I must be clairvoyant, because earlier this week I put this picture (a junior team, Lorraine McNamara and Quinn Carpenter) in my last post. Lo and behold, it illustrates something that I had a lesson on yesterday: correct head position on back outside edges.
To help keep aligned on my left back outside edge, I am working on keeping my head up and looking slightly left. (Look how well Lorraine does it!) The head position is key; it helps place the back in the proper position relative to the skate (rather than slightly forward). And this allows for a good strong lean into the circle.

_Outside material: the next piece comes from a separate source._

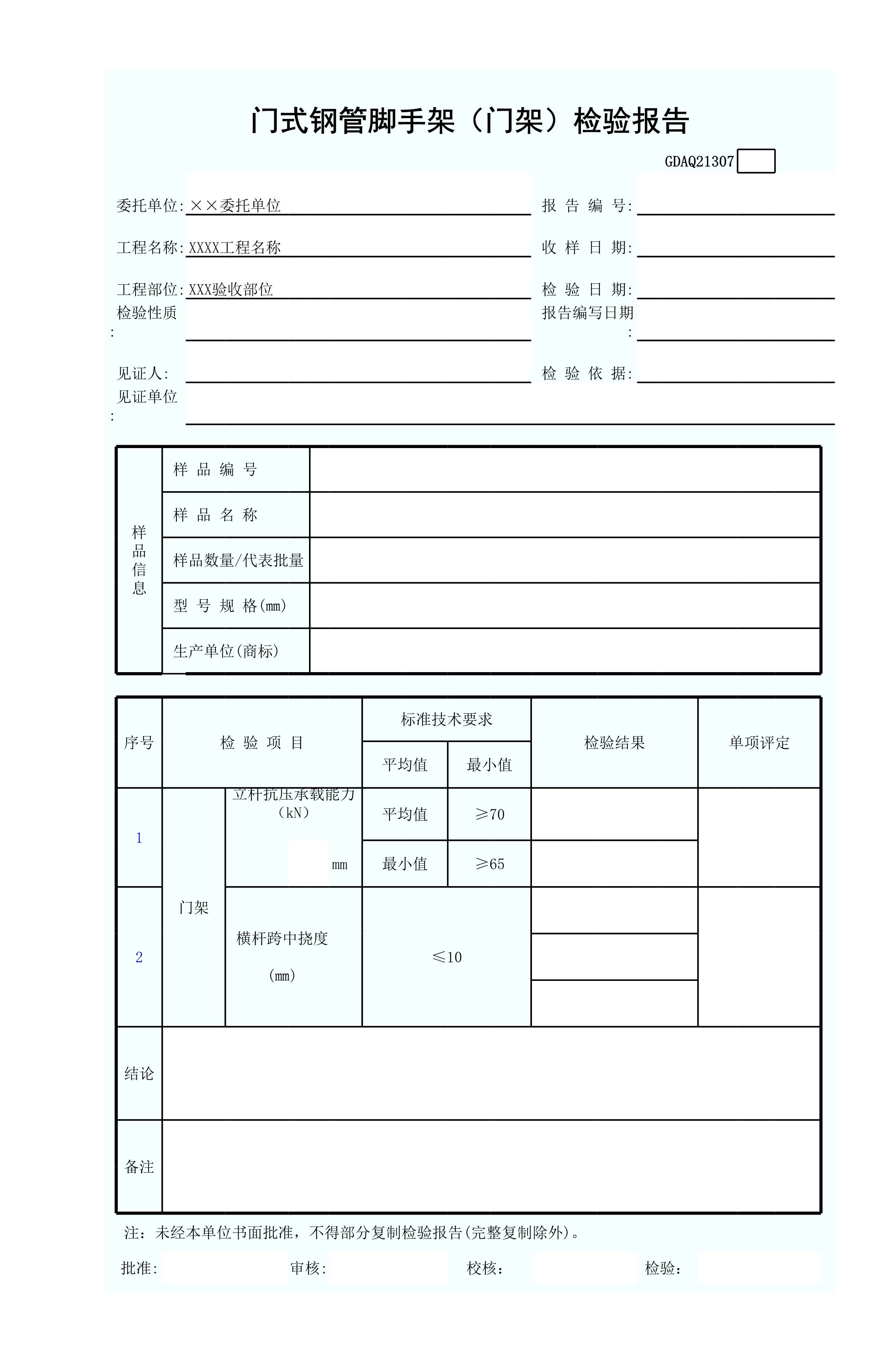 / 门式钢管脚手架(门架)检验报告GDAQ21307[表格]

This picture really captures the speed and beauty that is possible on that back outside edge. I imagine it’s like hitting the sweet spot in tennis. Once you’ve found that edge, you can just let the blade carry you and fly.

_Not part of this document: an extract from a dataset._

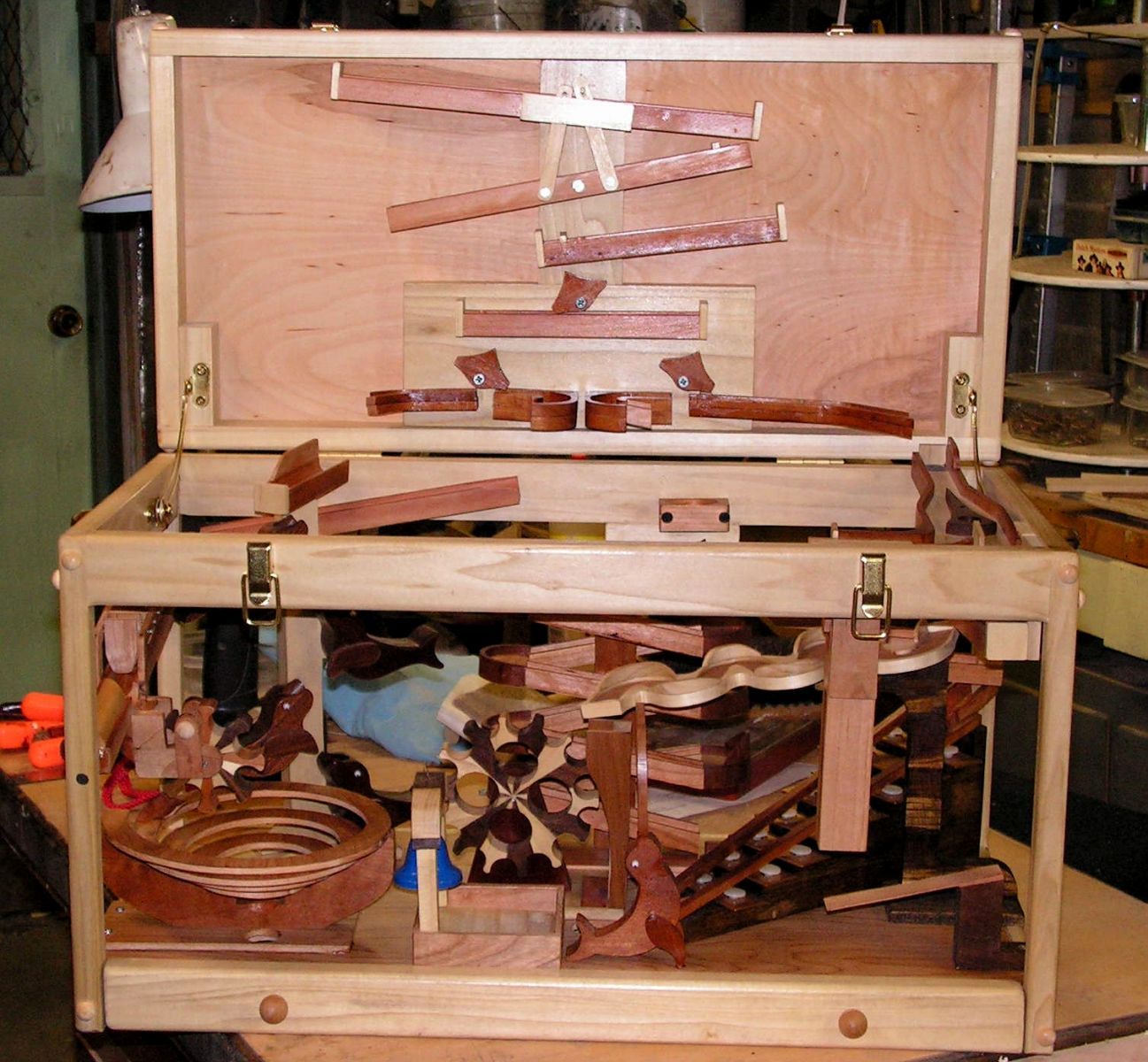 I made these games from web plans as gifts to family members. The tower was a gift to my grandson, who was 5 at the time and he played with it for hours. It is still a big hit with all kids. I made the chest for use here at home when kids visit. It is more fragile and has 8 separate trails for marbles to travel

Even though the positions are strong, there is no tension, no clenching of the muscles, no premature motion towards the next edge. There’s security there, so that one can let go and move with abandon.
I could just sit and look at this picture all day. Poetry in motion!
I spent some time this week just cruising on these back outside edges, feeling like they could go on forever. It was a nice change from the anxious feeling that I sometimes have both on and off the ice. Whenever I am unsure of what I’m doing, I often add the problem of rushing from one thing to another. For instance, I magnify the difficulty of three-turns by turning early. Or I spend spending much of my time on each edge thinking ahead to the next step, especially if it’s a challenging mohawk or choctaw.
“You don’t like that edge,” Ari sometimes observes of my left forward inside edge. It’s taken a while to get past my first response (simply agreeing “no, I really don’t like that edge,” or even worse, the snarky “well, duh!”) and to understand what this really means: that I’m supposed to like my edges. I’m supposed to enjoy the feeling of being on each edge. It’s supposed to be fun, not just correct. It’s like that James Taylor song:
Another way of putting is: “Wherever you go, there you are.” Used to be a funny line from Buckaroo Banzai before it became a mindfulness mantra.
The thing is, it is fun (especially when I’m not so worried about it and really get into the edge). It’s a wonderful feeling, that the deep swoopy glide that comes when you’re really really into the skate. There is a natural sinking into or rising of the knee, and the action of the entire body is strong yet fluid: no ossification here! (I just wanted to use that word for the benefit of my friends Jeff, Karen, Terri, and Doug.)
For freeskaters, it’s that outside back edge that happens when you nail the landing on a jump. For ice dancers, this should happen on–well, just about everything! Some illustrations:
I know that these are polished performers, but I can’t help but think that the thrill on their faces actually comes from the pleasure of doing those edges so well.
There are a lot of wonders in life, but there really isn’t any other feeling in the world quite like being into the ice.